Onderstaande uitwerking is een aanvulling op de fysiotherapeutische behandeling: de fysiotherapeut (online of in de praktijk) geeft aan welke informatie, adviezen en oefeningen voor u van belang zijn.
Zie boven afbeelding voorzijde rechter schoudergordel, in rood kapsel rond schoudergewricht (rond kop - kom schouder) wat ontstoken is bij een schouder gewrichtsklacht
In het kort
Andere benaming: Frozen shoulder of stijve schouder
Het schoudergewricht is samengesteld uit de kop van de bovenarm en de kom van het schouderblad. Rond het gewricht zit het gewrichtskapsel (zie boven tekening)
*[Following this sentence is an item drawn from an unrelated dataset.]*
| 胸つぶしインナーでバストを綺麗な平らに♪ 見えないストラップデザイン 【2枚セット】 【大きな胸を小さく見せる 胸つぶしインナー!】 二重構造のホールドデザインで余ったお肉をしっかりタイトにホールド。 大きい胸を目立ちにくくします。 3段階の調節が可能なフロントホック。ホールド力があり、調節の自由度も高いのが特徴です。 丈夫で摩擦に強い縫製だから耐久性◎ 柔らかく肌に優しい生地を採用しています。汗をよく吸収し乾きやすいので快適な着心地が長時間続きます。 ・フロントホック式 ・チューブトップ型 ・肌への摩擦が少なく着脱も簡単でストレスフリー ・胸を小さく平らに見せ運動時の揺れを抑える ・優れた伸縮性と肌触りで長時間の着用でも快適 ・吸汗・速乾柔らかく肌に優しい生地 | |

Bij een schouder gewrichtskapselklacht is er sprake van ontsteking en daarna verkleving van het schouderkapsel.
Er kan sprake zijn van een aanwijsbare oorzaak (b.v een onderliggende aandoening of een trauma) of de oorzaak is niet echt duidelijk
Klachten kunnen onderverdeeld worden in
Bevriezende fase: Veel pijn en afname beweeglijkheid
Bevroren fase: Afname pijn en beperkte beweeglijkheid
Ondooiende fase: Herstel beweeglijkheid
Inzicht is belangrijk omdat het herstel lang duurt (12-24 maanden) en er geen behandeling is die genezend is!
Advies is om te bewegen binnen pijngrens en binnen bewegingsmogelijkheden: niet forceren!!
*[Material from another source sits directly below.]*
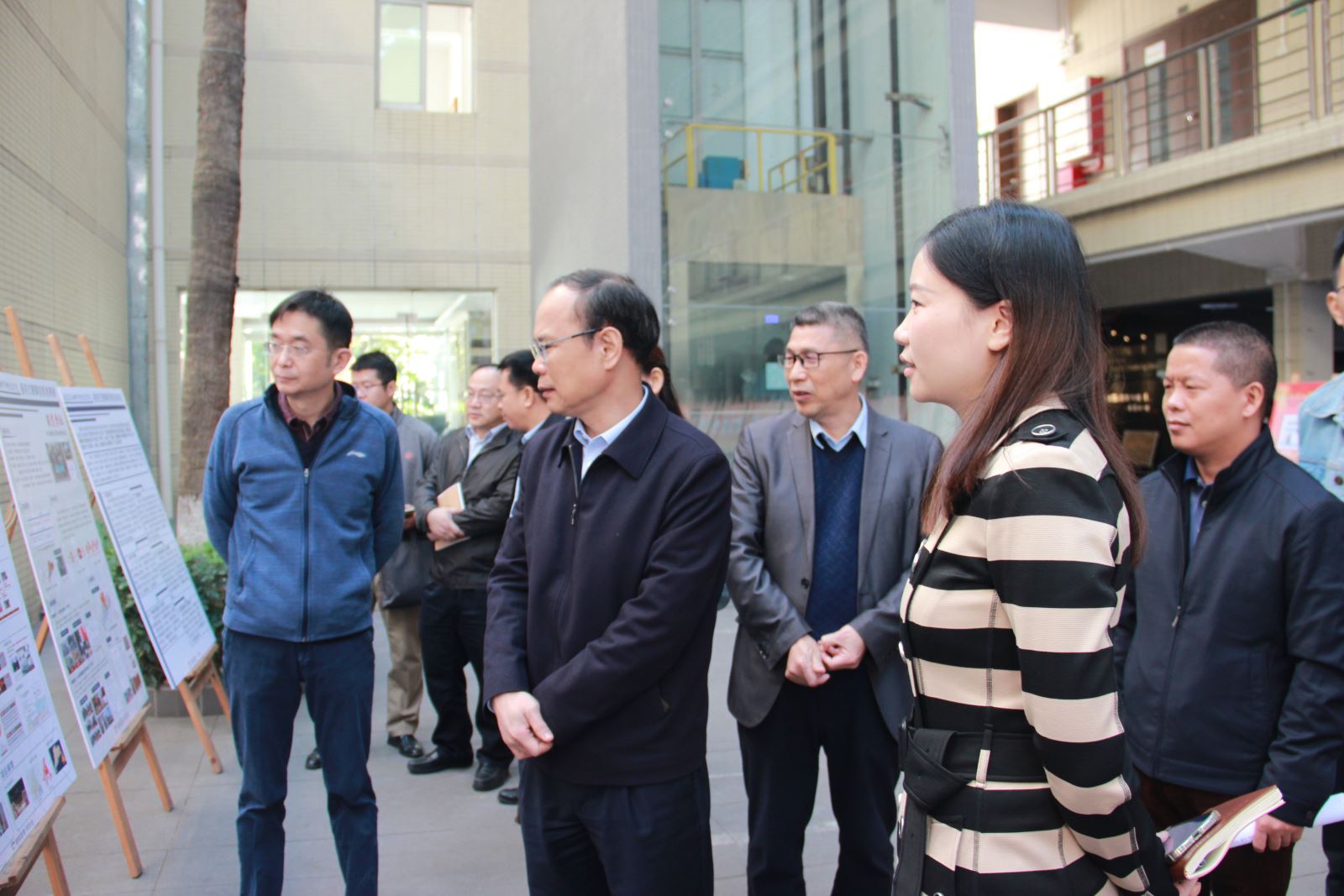 会前,邱校长一行参观了学院链条式赛事培育成果展、“绘红色建筑、讲党史历程”成果展。

Bij herstel (verdwijnen ontsteking en kapsel wordt weer soepel), ontstaat er weer ruimte en kan er weer meer met de arm bewogen worden
De fysiotherapeut geeft door uitleg, adviezen en oefeningen ondersteuning aan herstel
Als klachten aanwezig blijven of erger worden, samen met de fysiotherapeut kijken welke hulpverlener zinvol is
informatie
Andere benaming: capsulitis adhaesiva shoulder of bevroren schouder of vastzittende schouder of frozen shoulder of stijve schouder
Anatomie
De schoudergordel wordt gevormd door de bovenarm (humerus), het schouderblad (scapula) en het sleutelbeen (clavicula). Deze botdelen vormen de volgende gewrichten: het schoudergewricht, het AC gewricht en het SC gewricht.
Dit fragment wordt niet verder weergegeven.